◆ Exercise aim: The line with "Kategorie: Druckerpatronen - Dr." marks the first line to copy, and the line with "Plus Size Coconut" marks the last. Transcribe that stretch of the data below exactly, without pictures.

[Recorded data]
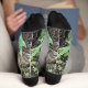 This fun Halloween socks are bright and colorful. The small print is crisp and shows the fun details. The softness of the socks feels nice on my feet and ankles. .
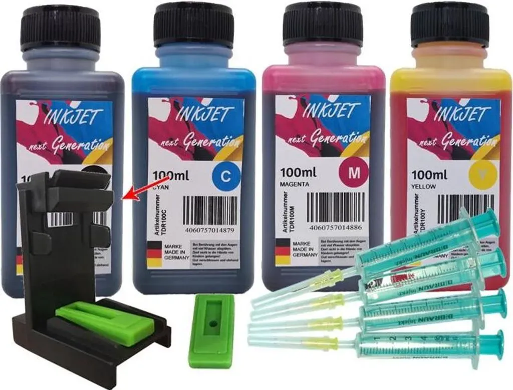 Kategorie: Druckerpatronen - Dr. Inkjet - GTIN:4060757015562 - Spare bis zu 80% an Nachfolgekosten und leiste einen Beitrag zum Umweltschutz. Mit jeder Druckerpatrone die nachgefüllt wird, muß eine weniger hergestellt und um die halbe Welt transportiert werden. Das spart enorm Rohstoffe und jede Menge CO2. Im Set ist Tinte zum Befüllen der schwarzen und farbigen Patrone enthalten. Dazu erhalten Sie das nötige Zubehör an Nachfüllwerkzeug inkl. Luftabzugsabdapter.Luftabsaugclip, Adapter- oder auch Luftabsorber genannt:Das Nachfüllen von Druckkopfpatronen selbst, ist mehr oder weniger recht einfach. Allerdings bildet sich oftmals eine Luftblase zwischen der Tintenkammer und dem Zulauf zum Druckkopf.In früheren Zeiten bedeutet das oftmals das Aus für die nachgefüllte Druckerpatrone, da es keine Hilfsmittel gab, um diese Luftblase aus der Patrone zu holen. Eine manchmal funktionierende Lösung war, die Patrone ein paar Tage stehen zu lassen und darauf zu hoffen, dass die Luftblase von alleine verschwindet. Naja, der Erfolg war recht mäßig. Eine andere Variante war, die Patrone kräftig zu schütteln. Aber auch hier war der Erfolg bescheiden.Der sicherste Weg die jeweilige Patrone mit Erfolg aufzufüllen ist, diese nicht leer laufen zu lassen, sondern dann zu befüllen, sobald sich das Schriftbild verändert. Lieber einmal mehr befüllen, als einmal zu wenig.Heute ist das kein Problem mehr, es gibt Luftabzugsclips. Die jeweilige Patrone wird einfach in den passenden Luftabsorber ... Ein beliebtes Original HP Multipack, das eine zuverlässige Leistung für gängige HP Drucker verspricht. ![]() ![]()
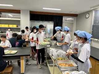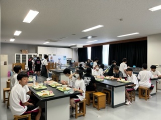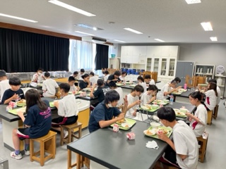 暑さ対策のため2年生のあるクラスでは理科室や美術室などで給食の時間としました。
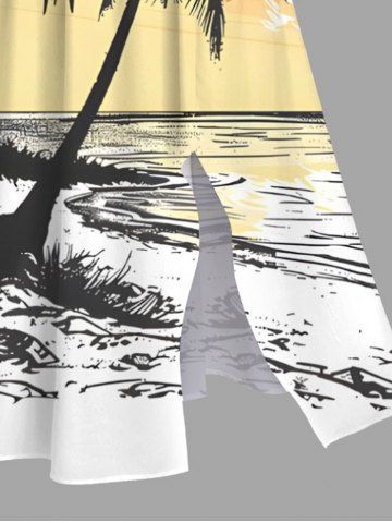 Plus Size Coconut Tree Seascape Bird Ombre Colorblock Print Split Hawaii Midi Dress - White - L
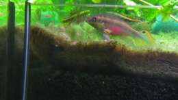 In der Sommerzeit kommen die tot geschlagenen Stubenfliegen immer sehr gut an, und gelegentlich Mückenlarven aus dem Regenfass. Und wenn die Prachtschmerlen Glück haben, ziehen sie dicke TDS aus dem Bodengrund. Dann sind sie für den Tag satt und kommen gar nicht erst zur Fütterung.
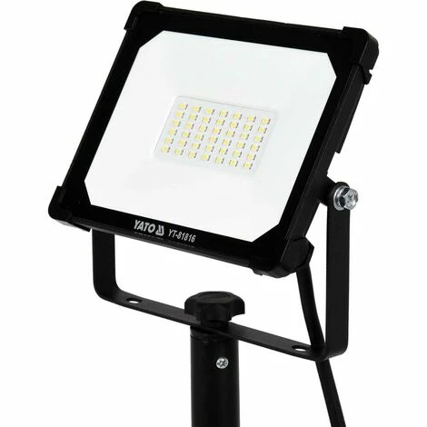 Der Yato Baustrahler mit einem Flachbildschirm und leistungsstarken SMD-LEDs auf einem stabilen, verstellbaren Ständer, sorgen für eine optimale Lichtleistung.
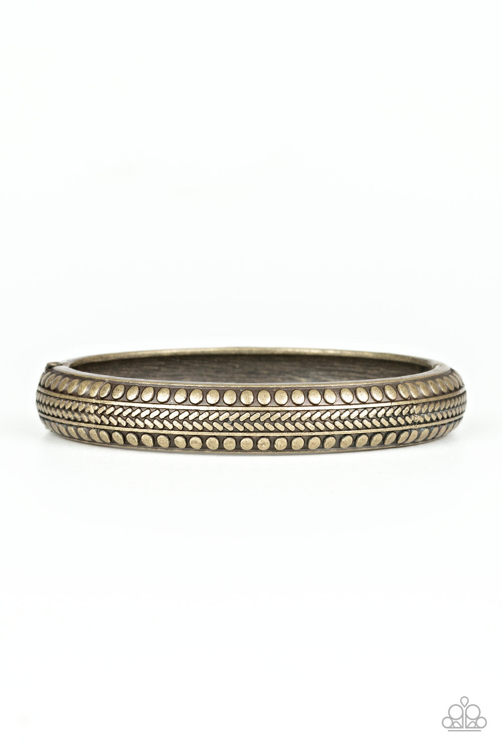 Flanked by rows of flat brass studs, a chevron-like pattern is embossed down the center of a thick bangle-like cuff for a tribal inspired look. Features a hinged closure.
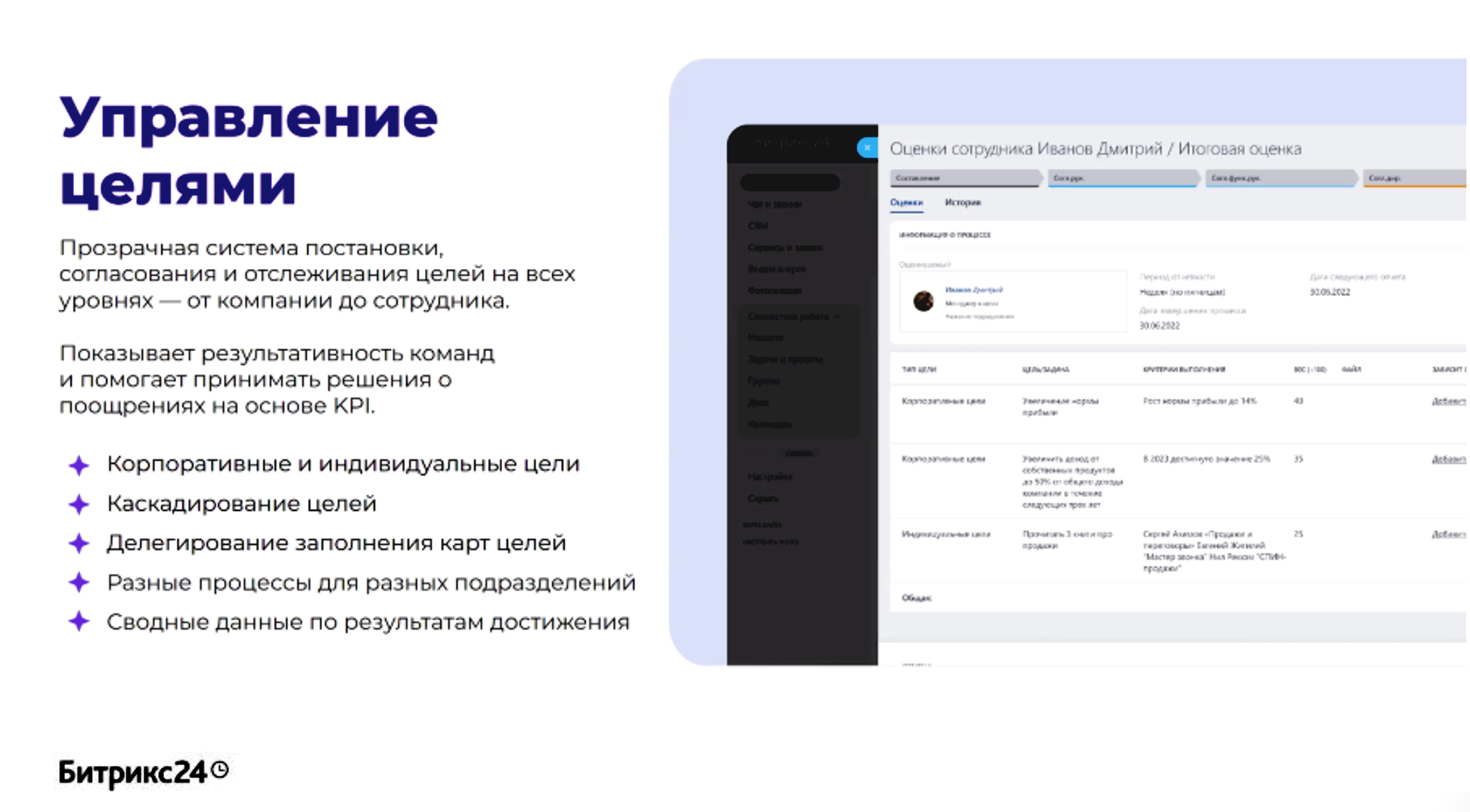 Удобный способ ставить, согласовывать цели и отслеживать их выполнение. Б24 HRM обеспечивает прозрачность в постановке, согласовании и отслеживании целей на всех уровнях компании, начиная от руководства и заканчивая сотрудниками. Каждый член команды понимает свою роль и вклад в общее дело. Система показывает результативность работы команды и помогает принимать решения о вознаграждениях на основе ключевых показателей эффективности.

◆ Answer space:
 Kategorie: Druckerpatronen - Dr. Inkjet - GTIN:4060757015562 - Spare bis zu 80% an Nachfolgekosten und leiste einen Beitrag zum Umweltschutz. Mit jeder Druckerpatrone die nachgefüllt wird, muß eine weniger hergestellt und um die halbe Welt transportiert werden. Das spart enorm Rohstoffe und jede Menge CO2. Im Set ist Tinte zum Befüllen der schwarzen und farbigen Patrone enthalten. Dazu erhalten Sie das nötige Zubehör an Nachfüllwerkzeug inkl. Luftabzugsabdapter.Luftabsaugclip, Adapter- oder auch Luftabsorber genannt:Das Nachfüllen von Druckkopfpatronen selbst, ist mehr oder weniger recht einfach. Allerdings bildet sich oftmals eine Luftblase zwischen der Tintenkammer und dem Zulauf zum Druckkopf.In früheren Zeiten bedeutet das oftmals das Aus für die nachgefüllte Druckerpatrone, da es keine Hilfsmittel gab, um diese Luftblase aus der Patrone zu holen. Eine manchmal funktionierende Lösung war, die Patrone ein paar Tage stehen zu lassen und darauf zu hoffen, dass die Luftblase von alleine verschwindet. Naja, der Erfolg war recht mäßig. Eine andere Variante war, die Patrone kräftig zu schütteln. Aber auch hier war der Erfolg bescheiden.Der sicherste Weg die jeweilige Patrone mit Erfolg aufzufüllen ist, diese nicht leer laufen zu lassen, sondern dann zu befüllen, sobald sich das Schriftbild verändert. Lieber einmal mehr befüllen, als einmal zu wenig.Heute ist das kein Problem mehr, es gibt Luftabzugsclips. Die jeweilige Patrone wird einfach in den passenden Luftabsorber ... Ein beliebtes Original HP Multipack, das eine zuverlässige Leistung für gängige HP Drucker verspricht. ![]() ![]()
 暑さ対策のため2年生のあるクラスでは理科室や美術室などで給食の時間としました。
 Plus Size Coconut Tree Seascape Bird Ombre Colorblock Print Split Hawaii Midi Dress - White - L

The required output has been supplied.